=== PROBLEM TO WORK ON ===
What you return should be the full listing, copied exactly and stripped of its pictures.

=== INPUT DATA ===
"""

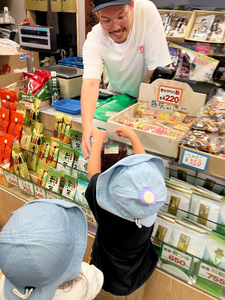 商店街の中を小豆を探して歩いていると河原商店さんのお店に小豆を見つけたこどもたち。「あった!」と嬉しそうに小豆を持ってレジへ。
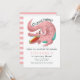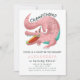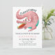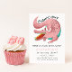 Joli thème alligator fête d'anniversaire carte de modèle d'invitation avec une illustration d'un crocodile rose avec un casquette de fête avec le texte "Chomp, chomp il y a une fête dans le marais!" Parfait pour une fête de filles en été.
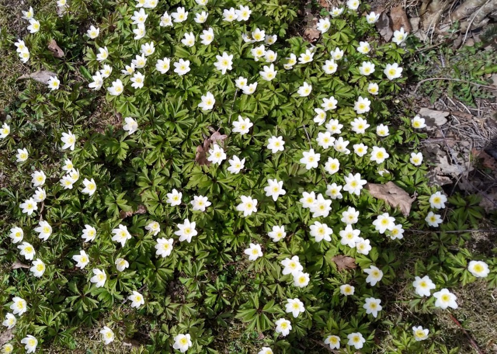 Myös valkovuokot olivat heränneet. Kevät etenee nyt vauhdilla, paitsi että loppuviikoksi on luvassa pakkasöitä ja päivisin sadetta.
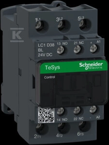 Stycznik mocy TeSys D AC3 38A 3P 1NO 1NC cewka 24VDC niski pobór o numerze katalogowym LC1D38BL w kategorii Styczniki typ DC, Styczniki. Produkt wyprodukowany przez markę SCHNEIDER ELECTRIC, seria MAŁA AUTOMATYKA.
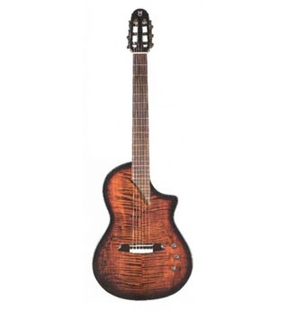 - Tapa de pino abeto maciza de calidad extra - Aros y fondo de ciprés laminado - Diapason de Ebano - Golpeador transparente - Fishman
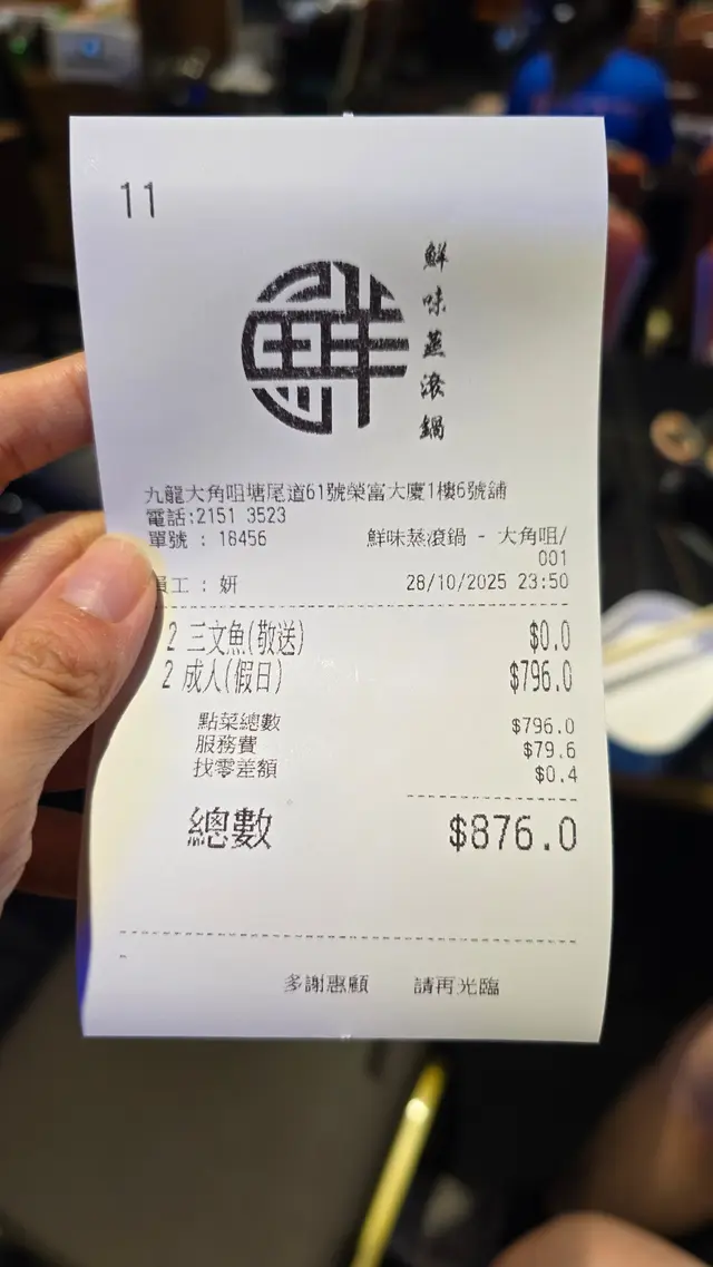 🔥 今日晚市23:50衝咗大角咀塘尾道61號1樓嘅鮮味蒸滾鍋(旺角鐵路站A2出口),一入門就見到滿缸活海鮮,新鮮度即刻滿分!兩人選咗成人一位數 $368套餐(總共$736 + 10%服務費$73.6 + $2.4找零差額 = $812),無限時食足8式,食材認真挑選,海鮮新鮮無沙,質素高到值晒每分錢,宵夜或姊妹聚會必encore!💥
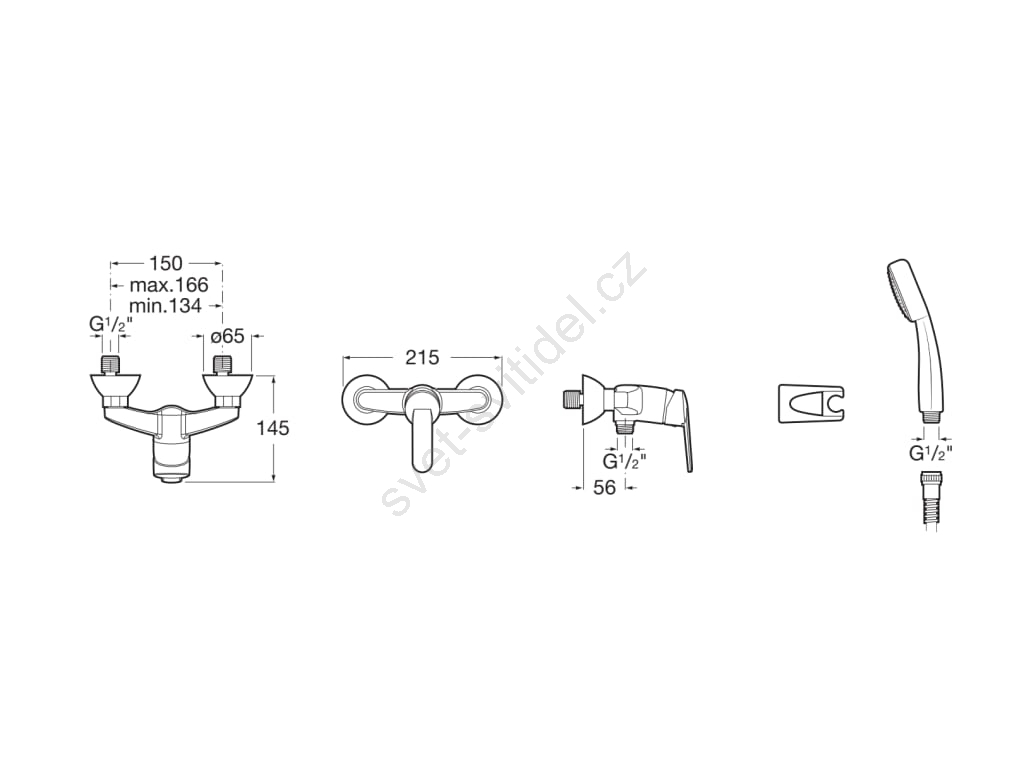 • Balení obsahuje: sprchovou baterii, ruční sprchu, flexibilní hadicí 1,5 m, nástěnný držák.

"""

=== SOLUTION BELOW ===
 商店街の中を小豆を探して歩いていると河原商店さんのお店に小豆を見つけたこどもたち。「あった!」と嬉しそうに小豆を持ってレジへ。
 Joli thème alligator fête d'anniversaire carte de modèle d'invitation avec une illustration d'un crocodile rose avec un casquette de fête avec le texte "Chomp, chomp il y a une fête dans le marais!" Parfait pour une fête de filles en été.
 Myös valkovuokot olivat heränneet. Kevät etenee nyt vauhdilla, paitsi että loppuviikoksi on luvassa pakkasöitä ja päivisin sadetta.
 Stycznik mocy TeSys D AC3 38A 3P 1NO 1NC cewka 24VDC niski pobór o numerze katalogowym LC1D38BL w kategorii Styczniki typ DC, Styczniki. Produkt wyprodukowany przez markę SCHNEIDER ELECTRIC, seria MAŁA AUTOMATYKA.
 - Tapa de pino abeto maciza de calidad extra - Aros y fondo de ciprés laminado - Diapason de Ebano - Golpeador transparente - Fishman
 🔥 今日晚市23:50衝咗大角咀塘尾道61號1樓嘅鮮味蒸滾鍋(旺角鐵路站A2出口),一入門就見到滿缸活海鮮,新鮮度即刻滿分!兩人選咗成人一位數 $368套餐(總共$736 + 10%服務費$73.6 + $2.4找零差額 = $812),無限時食足8式,食材認真挑選,海鮮新鮮無沙,質素高到值晒每分錢,宵夜或姊妹聚會必encore!💥
 • Balení obsahuje: sprchovou baterii, ruční sprchu, flexibilní hadicí 1,5 m, nástěnný držák.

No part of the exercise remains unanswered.